* [Exercise objective]
Going through the material below, output exactly the lines from the one containing "I saw some interesting" through the one containing "The main sources", and no pictures.

* [The records]

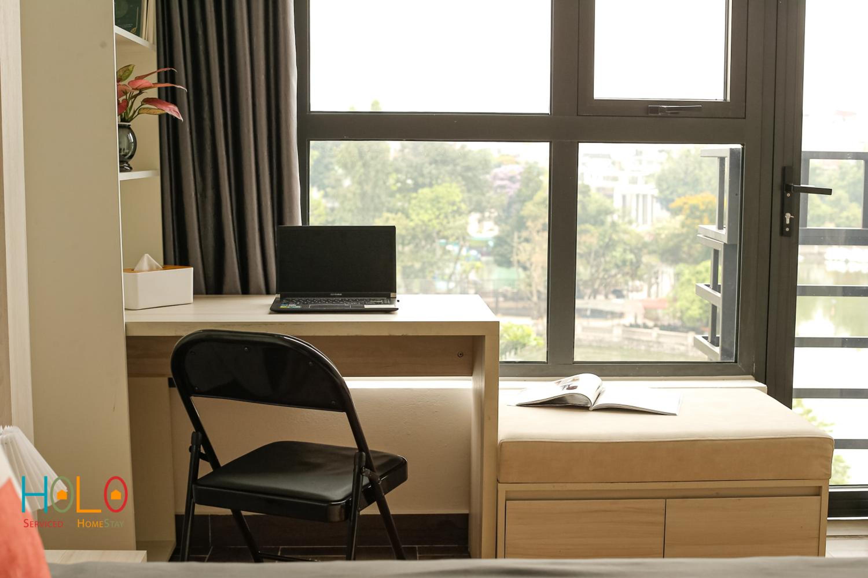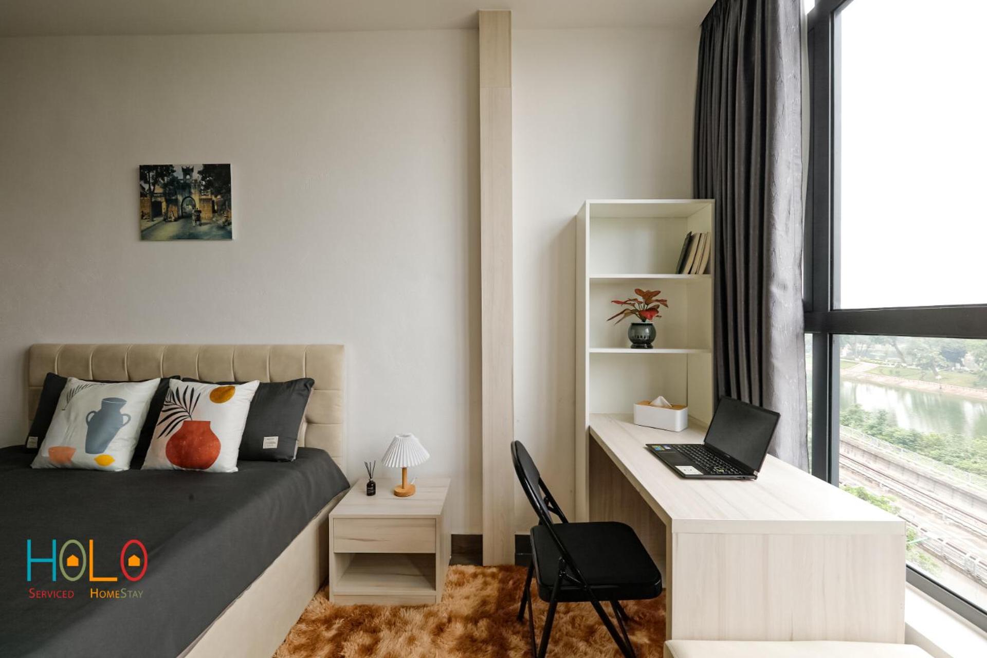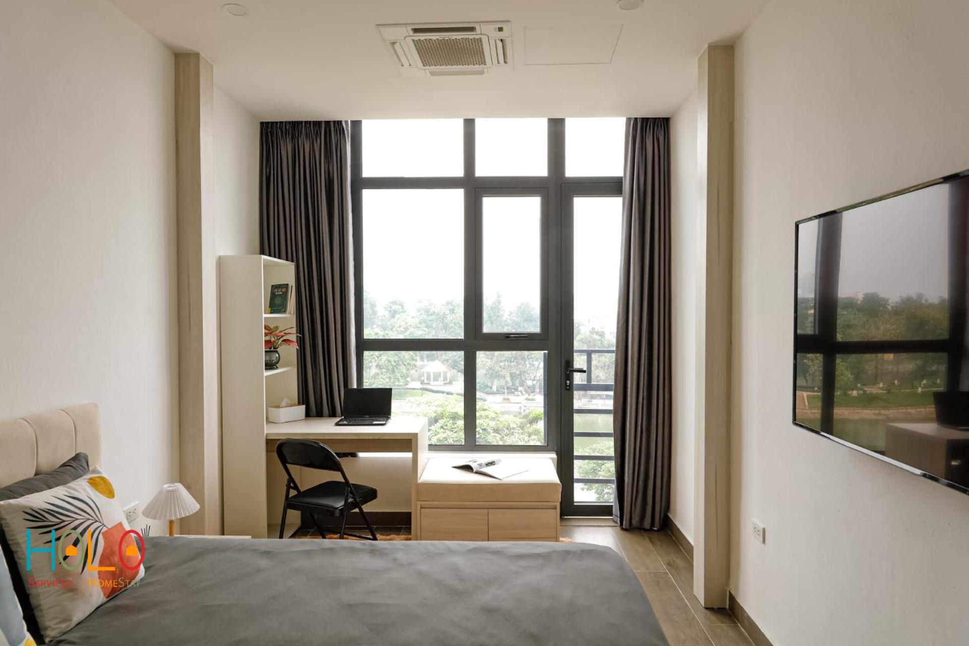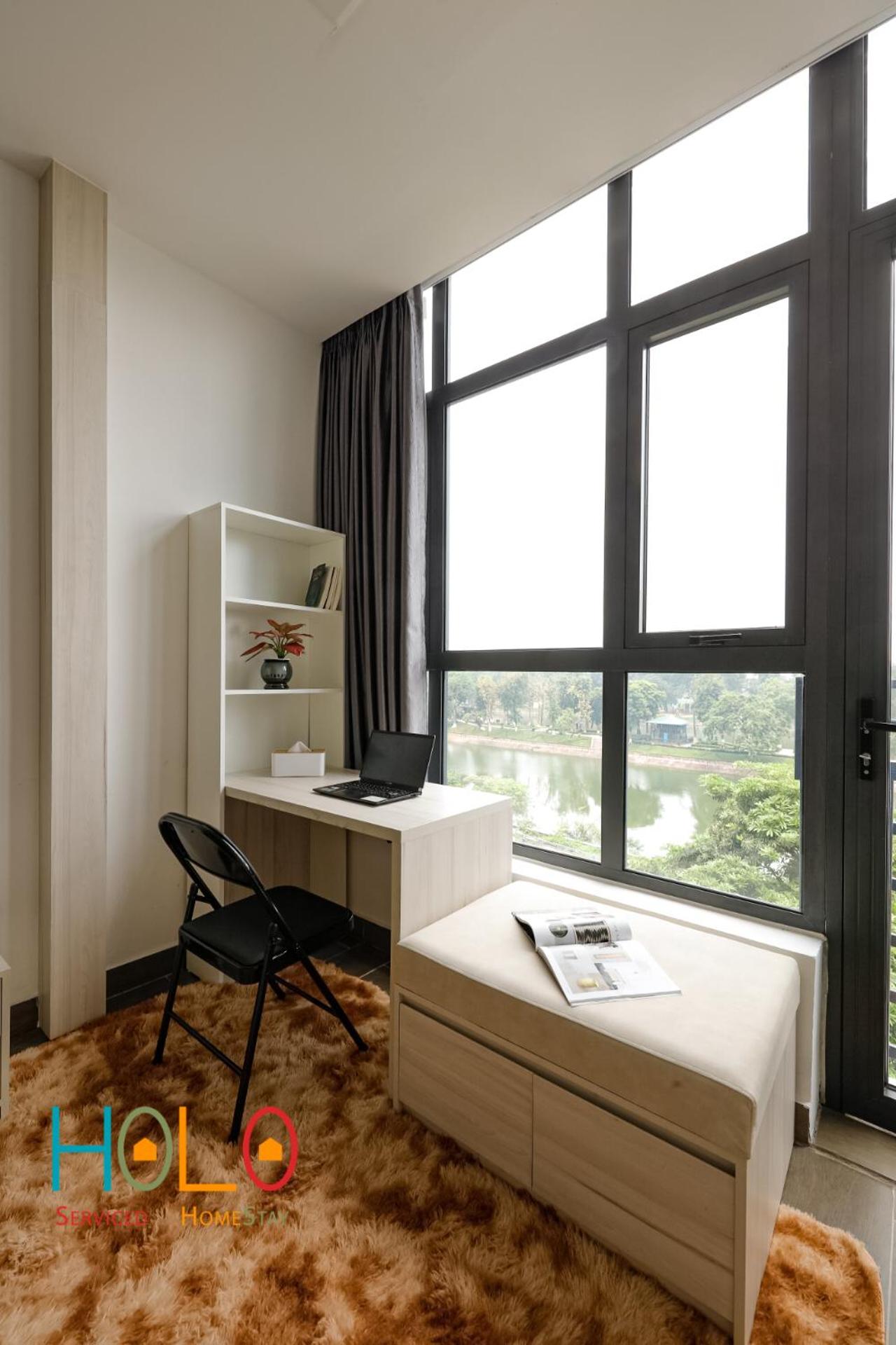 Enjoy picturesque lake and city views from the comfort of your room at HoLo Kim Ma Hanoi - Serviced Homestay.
--
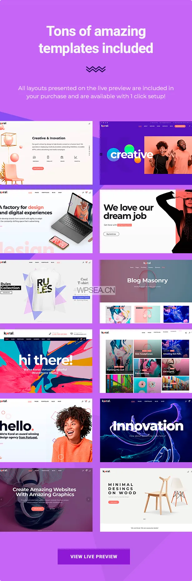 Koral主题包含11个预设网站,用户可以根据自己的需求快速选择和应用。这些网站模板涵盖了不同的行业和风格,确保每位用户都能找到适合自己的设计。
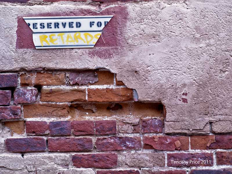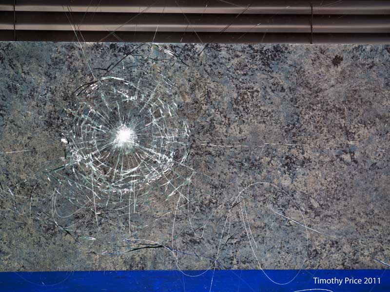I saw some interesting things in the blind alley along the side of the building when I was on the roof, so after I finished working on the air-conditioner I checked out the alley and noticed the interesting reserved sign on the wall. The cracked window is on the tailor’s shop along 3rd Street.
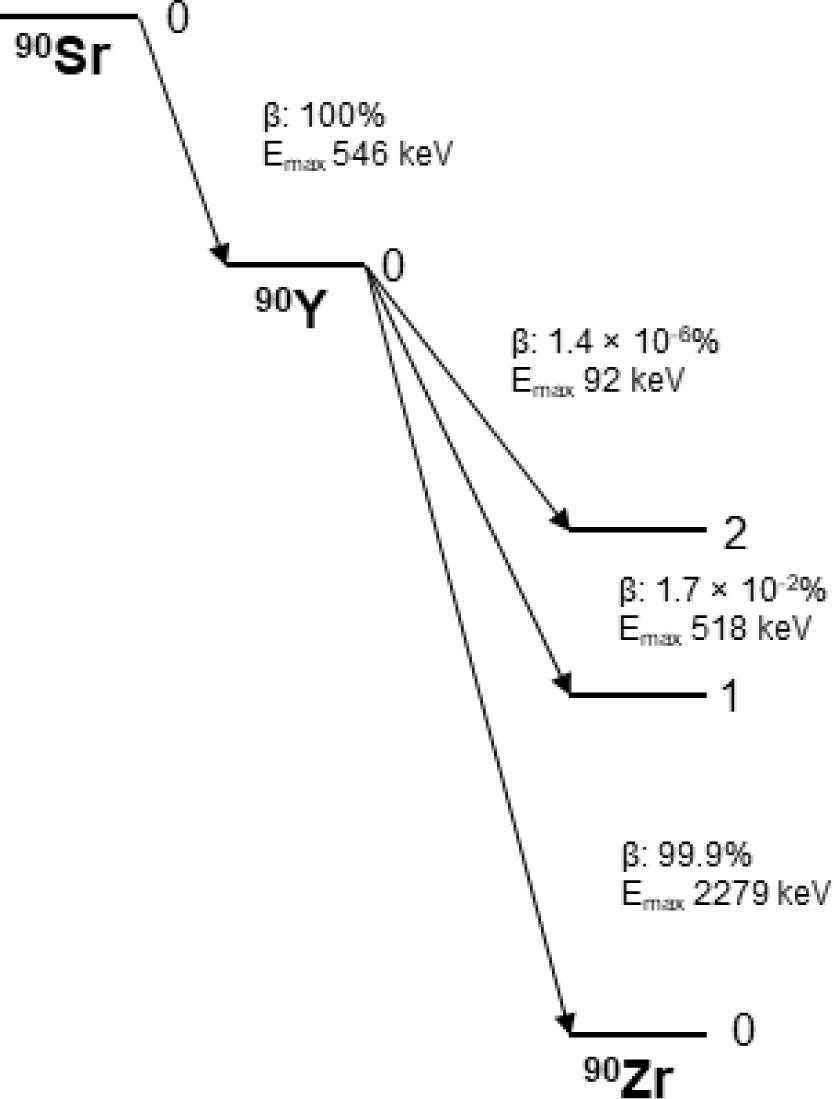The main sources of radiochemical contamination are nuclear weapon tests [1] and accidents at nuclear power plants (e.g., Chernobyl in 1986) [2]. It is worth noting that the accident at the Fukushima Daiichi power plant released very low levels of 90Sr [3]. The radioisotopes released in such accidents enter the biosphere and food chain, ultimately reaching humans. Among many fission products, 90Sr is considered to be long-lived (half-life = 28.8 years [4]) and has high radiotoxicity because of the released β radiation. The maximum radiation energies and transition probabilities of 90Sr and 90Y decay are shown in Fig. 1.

* [Written solution]
I saw some interesting things in the blind alley along the side of the building when I was on the roof, so after I finished working on the air-conditioner I checked out the alley and noticed the interesting reserved sign on the wall. The cracked window is on the tailor’s shop along 3rd Street.
The main sources of radiochemical contamination are nuclear weapon tests [1] and accidents at nuclear power plants (e.g., Chernobyl in 1986) [2]. It is worth noting that the accident at the Fukushima Daiichi power plant released very low levels of 90Sr [3]. The radioisotopes released in such accidents enter the biosphere and food chain, ultimately reaching humans. Among many fission products, 90Sr is considered to be long-lived (half-life = 28.8 years [4]) and has high radiotoxicity because of the released β radiation. The maximum radiation energies and transition probabilities of 90Sr and 90Y decay are shown in Fig. 1.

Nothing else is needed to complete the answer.